Please repeat only the lines below starting at the line that holds "Chrono No2B in" and ending at the line that holds "5月29日,笑笑在假肢康復(fù)訓(x", exactly, with both of those lines included and every picture omitted.

Provided data>
%%

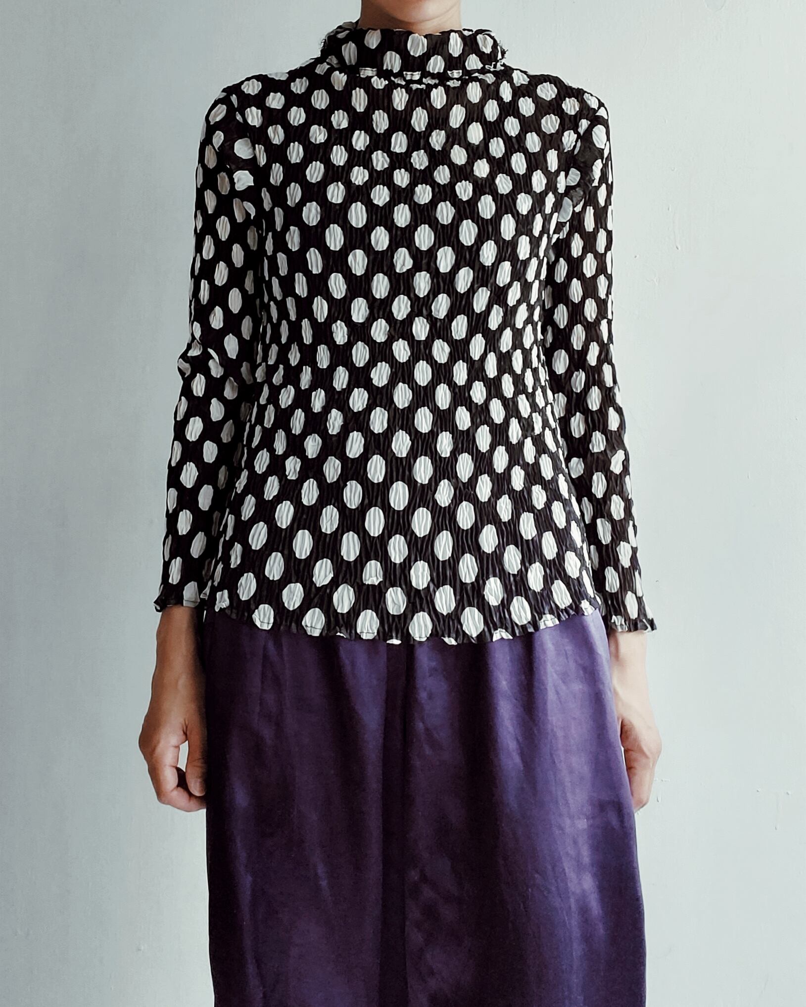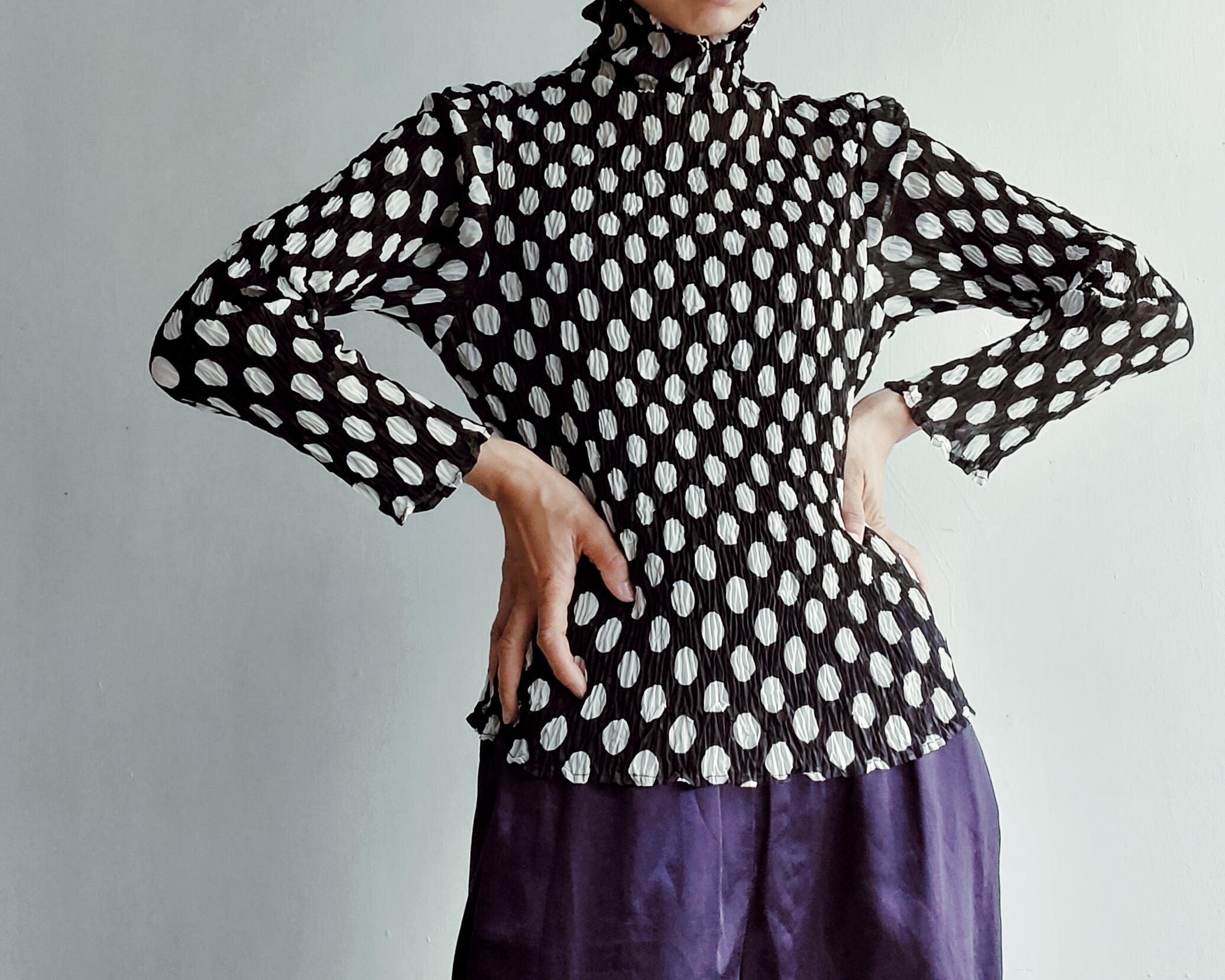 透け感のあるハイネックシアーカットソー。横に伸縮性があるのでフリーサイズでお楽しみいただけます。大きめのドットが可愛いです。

%%
%%

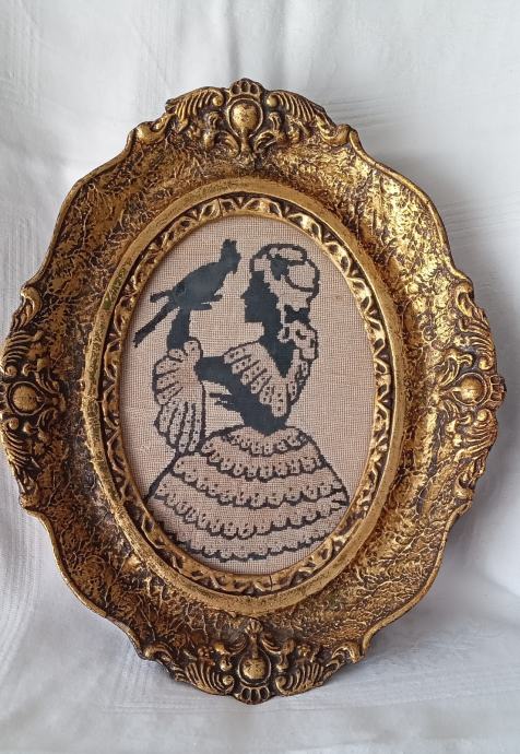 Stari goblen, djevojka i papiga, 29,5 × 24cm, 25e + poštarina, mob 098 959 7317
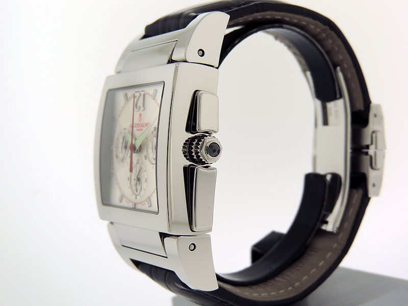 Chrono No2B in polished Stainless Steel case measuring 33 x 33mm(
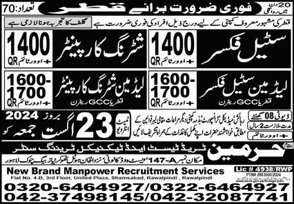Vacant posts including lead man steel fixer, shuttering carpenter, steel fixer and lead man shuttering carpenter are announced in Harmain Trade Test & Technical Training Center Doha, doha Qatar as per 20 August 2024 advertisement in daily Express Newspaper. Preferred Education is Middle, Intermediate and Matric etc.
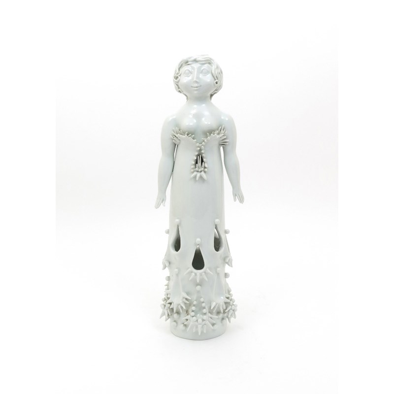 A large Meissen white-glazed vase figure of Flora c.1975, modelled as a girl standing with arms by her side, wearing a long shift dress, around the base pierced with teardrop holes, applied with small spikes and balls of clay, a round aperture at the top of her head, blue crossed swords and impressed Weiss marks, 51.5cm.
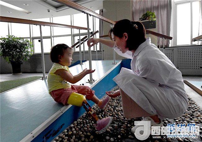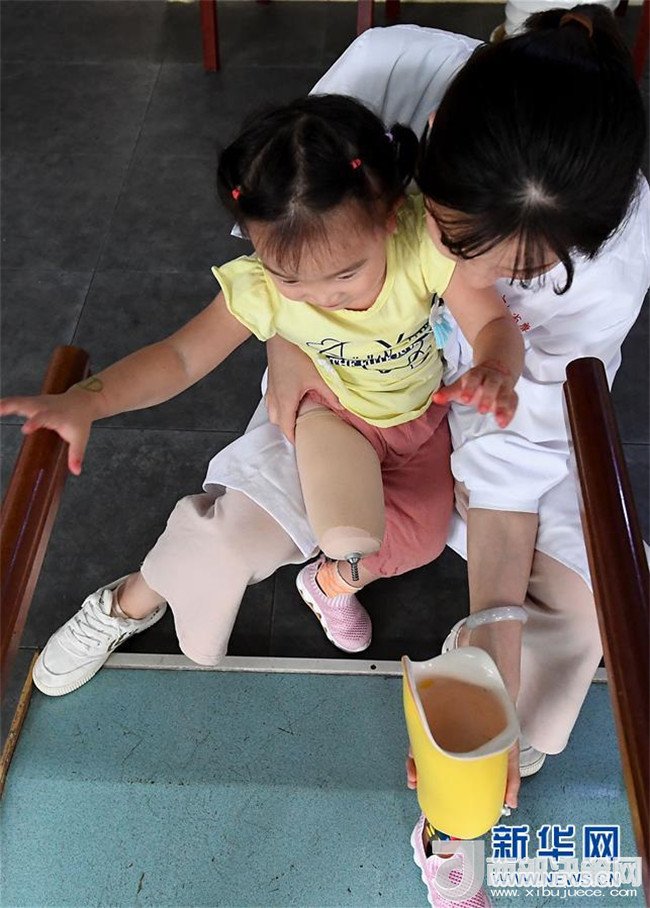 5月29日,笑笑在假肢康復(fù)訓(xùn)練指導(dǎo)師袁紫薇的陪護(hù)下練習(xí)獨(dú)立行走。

%%

Exercise result>
 Chrono No2B in polished Stainless Steel case measuring 33 x 33mm(
Vacant posts including lead man steel fixer, shuttering carpenter, steel fixer and lead man shuttering carpenter are announced in Harmain Trade Test & Technical Training Center Doha, doha Qatar as per 20 August 2024 advertisement in daily Express Newspaper. Preferred Education is Middle, Intermediate and Matric etc.
 A large Meissen white-glazed vase figure of Flora c.1975, modelled as a girl standing with arms by her side, wearing a long shift dress, around the base pierced with teardrop holes, applied with small spikes and balls of clay, a round aperture at the top of her head, blue crossed swords and impressed Weiss marks, 51.5cm.
 5月29日,笑笑在假肢康復(fù)訓(xùn)練指導(dǎo)師袁紫薇的陪護(hù)下練習(xí)獨(dú)立行走。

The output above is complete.